После короткой напутственной беседы, проведенной директором института, Максим хотел уже сойти вниз, когда увидел спускающегося с третьего этажа Бражинского. У Максима даже дыхание перехватило: таким неожиданным было появление в институте этого ненавистного ему человека. "Леопольд в институте! Почему он здесь? Наверное, не с благими намерениями явился…"
Максим не мог теперь спокойно глядеть в глаза своему врагу.
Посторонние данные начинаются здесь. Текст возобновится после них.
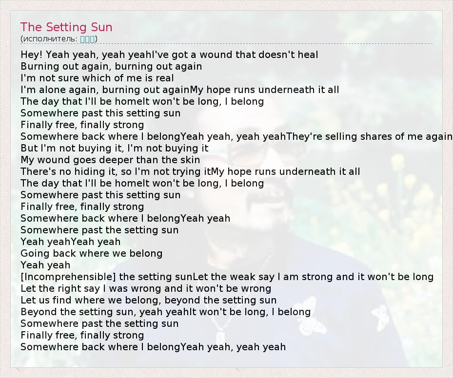 Hey! Yeah yeah, yeah yeahI've got a wound that doesn't heal Burning out again, burning out again I'm not sure which of me is real I'm alone again, burning out againMy hope runs underneath it all The day that I'll be homeIt won't be long, I belong Somewhere past this setting sun Finally free, finally strong Somewhere back where I belongYeah yeah, yeah yeahThey're selling shares of me again But I'm not buying it, I'm not buying it My wound goes deeper than the skin There's no hiding it, so I'm not trying itMy hope runs underneath it all The day that I'll be homeIt won't be long, I belong Somewhere past this setting sun Finally free, finally strong Somewhere back where I belongYeah yeah Somewhere past the setting sun Yeah yeahYeah yeah Going back where we belong Yeah yeah [Incomprehensible] the setting sunLet the weak say I am strong and it won't be long Let the right say I was wrong and it won't be wrong Let us find where we belong, beyond the setting sun Beyond the setting sun, yeah yeahIt won't be long, I belong Somewhere past the setting sun Finally free, finally strong Somewhere back where I belongYeah yeah, yeah yeah

Он сделал вид, что не заметил его, но тот увидел и окинул бывшего приятеля мстительным, насмешливым взглядом.
И вдруг в голову Максима пришла еще более ужасная мысль: "Бражинский приходил в институт, чтобы рассказать об всем Лидии, и теперь она все знает". Максим взбежал на третий этаж, остановился у перил лестницы и, переводя дыхание, посмотрел вниз. Рослая фигура Бражинского в рыжем костюме и зеленой шляпе мелькнула на нижнем пролете лестницы.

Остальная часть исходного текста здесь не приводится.